Les enfants, quel que soit leur niveau de désorganisation structurelle, gardent en eux-mêmes le sentiment d’appartenance à une famille, à une société, à une communauté. Leur situation d’enfants en situation de rue ne saurait donc les soustraire du milieu socio-familial et culturel ordinaire, qu’ils ne s’en sont démarqués que physiquement. Leur présence en rue n’est autre que la matérialisation de leur désir de reconstitution d’un vécu traumatique, intégré en lambeaux tout simplement parce qu’ils ont fui l’adulte par instinct de survie. Malheureusement, la triste réalité est que l’enfant quitte sa famille et va se réfugier en rue où il devient son propre père et sa propre mère. Il grandit trop vite donc pour encore avoir confiance en l’adulte que nous sommes. C’est une situation douloureuse à accepter, surtout quand on tient compte du cadre socio- culturel dans lequel nous vivons. Et c’est justement parce que la situation est douloureuse, que notre responsabilité dans la situation de ces enfants se trouve indexée. Aucun parent ne serait fier de voir son enfant aller en rue. C’est pourquoi, l’obligation parentale se pose comme idéal prioritaire dans le processus de réinsertion sociale des ESR. En entendant, doit-on contraindre ces enfants à retourner dans leurs familles respectives, doit-on peut-être les récupérer tous dans des structures correctionnelles ou dites de redressement ? Les travailleurs du domaine répondraient mieux à ces questions. Ils feront l’analyse des tentatives de réinsertion forcée ou musclée, en montrant peut-être quels sont les avantages et les limites de cette approche. Ainsi, pourrons-nous constater que la question de la

réinsertion de ces enfants doit, elle aussi, évoluer selon la conception de la notion d’enfant, et celle des droits de l’enfant. Pour nous praticiens, nous retiendrons simplement qu’à tous les niveaux de la vie d’un enfant, il y a quelque chose à faire, un rôle que l’adulte doit jouer pour l’accompagner petit à petit vers l’âge adulte. Mais pour jouer convenablement ce rôle, il est nécessaire que nous soyons suffisamment outillés, motivés, et engagés pour atteindre notre but qui est celui d’aider l’enfant à résoudre ses problèmes, partout où il se trouve, même si c’est en rue qu’il dort.
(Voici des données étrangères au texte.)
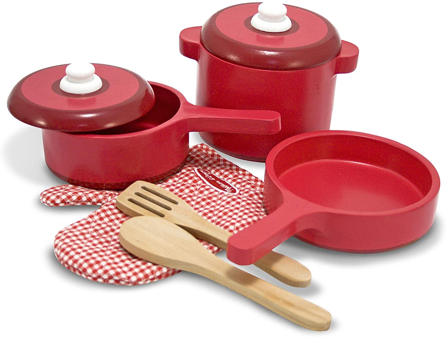 PANELAS DE MADEIRA: O conjunto de acessórios de cozinha de madeira Deluxe Melissa & Doug equipa as crianças para uma experiência emocionante de brincar na cozinha!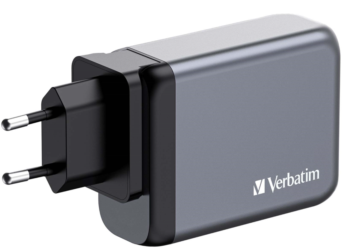 AC-adapter Verbatim GaN Charger 140W, 3xUSB-C / 1xUSB-A, inkl. reseadapter EU/UK/US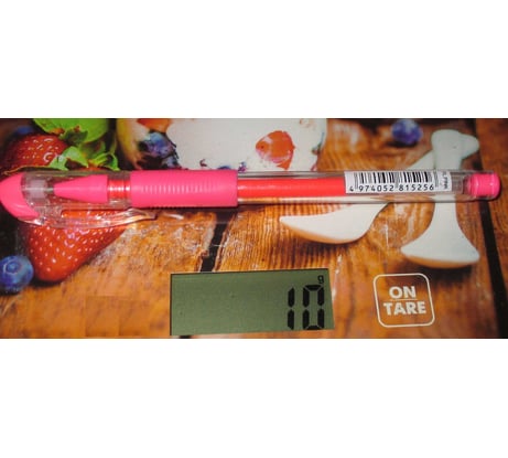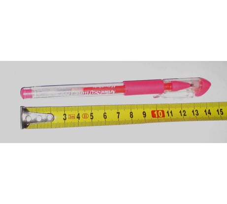 Гелевая ручка с измеренной массой 10 гр. Измеренная длина с колпачком 14.5 см. Имеет приличную емкость стержня с чернилами, выглядит симпатично. Пишущий узел чрезмерно тонкий, позволяет экономить чернила, но не всех видах бумаги пишет уверенно, рыхлую бумагу царапает. В целом для своей стоимости неплохо.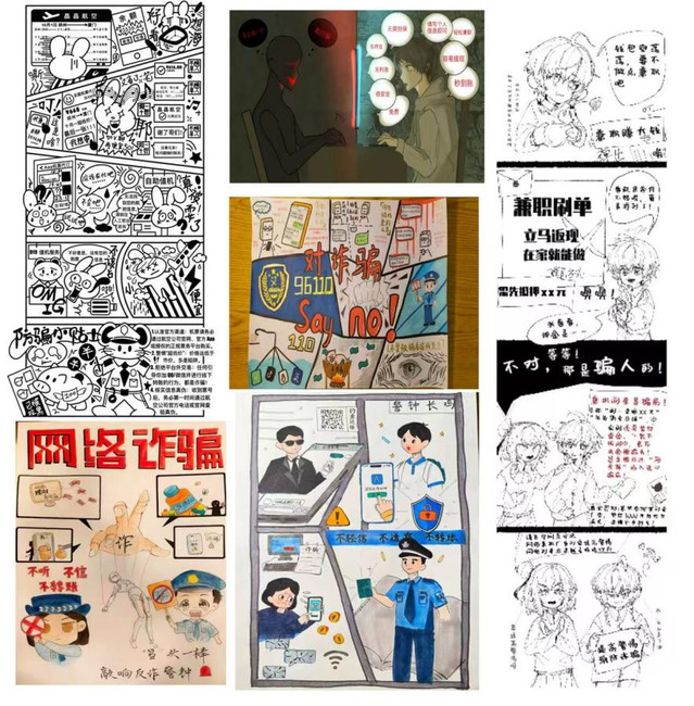 活动前期,学院积极动员,学生踊跃参与,共征集到标语、海报等作品30余件。同学们充分发挥创意,巧妙构思,通过绘漫画或者手绘等形式进行创作,以色彩斑斓、富有创意的作品,鲜明呈现网络诈骗的典型场景、诈骗分子的犯罪手段,以通俗易懂的方式宣传防范电信诈骗知识,描绘电信诈骗的危害,阐明电信诈骗的种类,表达防范电信诈骗的重要性,使反诈知识以直观呈现中深入人心,实现了“全民反诈”理念在校园中的生动传播。同学们在创作与分享中,自觉成为反诈知识的传播者和践行者。

Dans cette démarche, l’implication de toute la société est nécessaire, et exige de la part de chaque citoyen une participation à la hauteur de ses rapports avec les enfants en général. De façon pratique, l’approche communautaire s’investit à

protéger les ESR, en leur accordant une place sociale valorisante à travers la restauration d’une estime de soi suffisante pour une autopromotion intégrale, dans le respect de leurs droits. Ainsi, devons-nous encore préciser que cette

approche novatrice permet d’éviter les pratiques de réinsertion sociale forcée qui d’ailleurs, ont des répercussions graves sur la situation des enfants.